Wednesday, October 20, 2010

Little Victories

I have been tired today in a way that makes me bone weary. Sluggishly I have managed to cook dinner, fold laundry and pick up and deal with Sam. I even took a 20 min walk with Tony. And I am TIRED. It is the fatigue that is killing me. I lay down to rest and get up feeling no better. I wish I could SLEEP and wake up and think to myself, "AHHHHH that is what good sleep must feel like."  Even on the B12, I am not feeling much change in my sleeping.

I had the EEG this week which didn't help the sleeping as they made me stay up and get only four hours of sleep before the test. I tried to schedule the last test my neurologist needs today and spent an hour on the phone before my weariness forced me to admit defeat and lay down before I had to go get Sam from school.

That being said I weighed in at 184 today and put on a size 14 for the first time in months. It was nice to feel that my body is getting back to the way it was before my spiral down to complete dis-ease. I went to the grocery store and promptly forgot why I went. If Sam hadn't been with me I don't know that I would have remembered. We got home and he helped me inside. I hate seeing the look of concern on his face and it was what motivated me to rest for about a half hour and then make his dinner. I am determined to be as strong for him as I can.

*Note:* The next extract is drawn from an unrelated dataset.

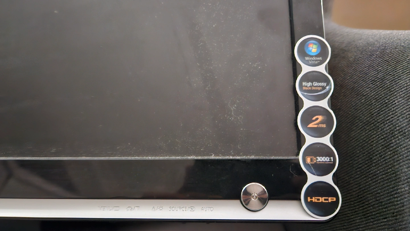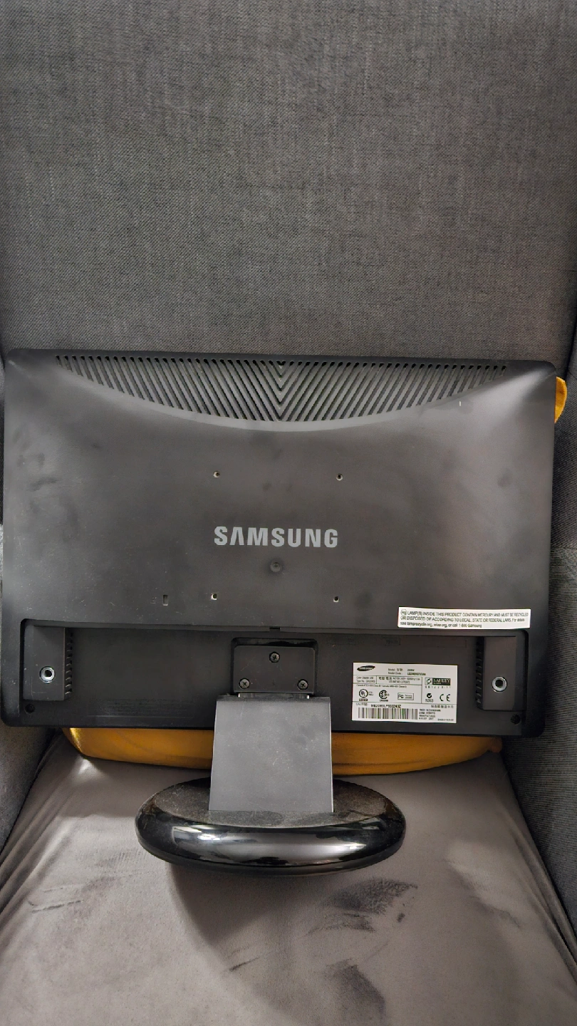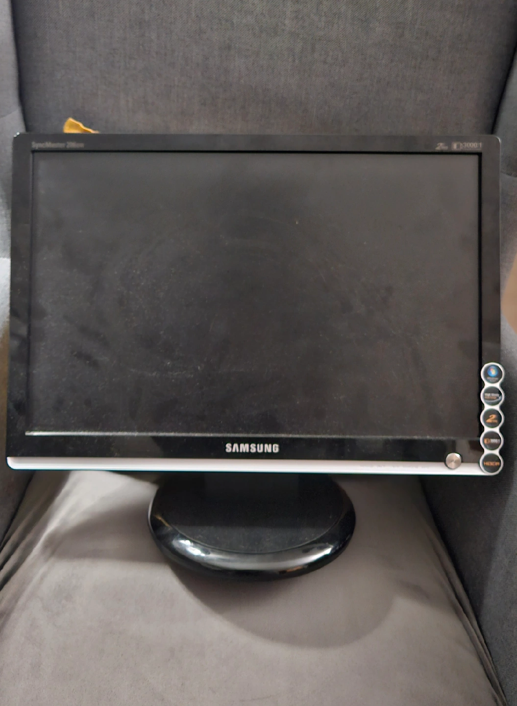Selling a Samsung SyncMaster 206BW LCD monitor. It features a high glossy black design and a response time of 2ms. The contrast ratio is 3000:1, with 50/60hz. (THE SCREEN IS BLOWN OUT; NEEDS TO BE REPAIRED)

My other small victory is that I am coming under my Fat limit every day but my carbohydrates are nearly always over. I am trying and I feel like the fat is more important than the carbs.

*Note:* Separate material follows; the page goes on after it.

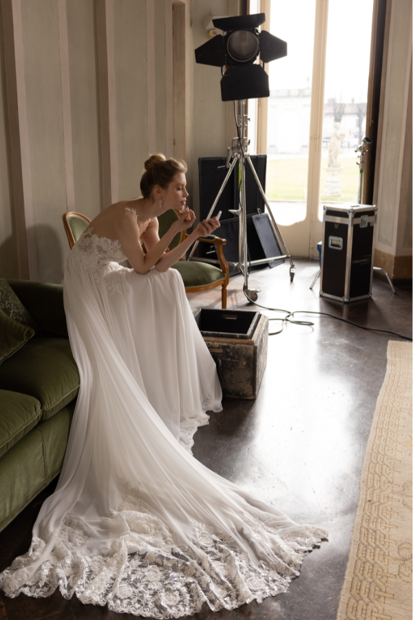 To say that Madrid is a simple wedding dress is really reductive. Rather, it is a refined creation in every detail. The star of Maison Signore’s Icons collection, Madrid is distinguished by its sophisticated use of chiffon, a material that lends an unparalleled softness and lightness. Every element, from the meticulous embroidery to the details of the bodice, is the result of a meticulous choice, aimed at satisfying the desire and need of every bride.

Alice sat on my feet most of the day another sure sign that something in my body is noticeably off today.

The other thing I found out a few days ago, was that I was taking the wrong medications. Tony and I have decided that he is going to have to fill my box until my mind is better so that it doesn't happen again. It was likely why I was so depressed when I wrote last. Today it isn't depression that is my battle, it truly is the fatigue. If I could only rest, deeply, soundly, then I am almost certain my mind would come back to me.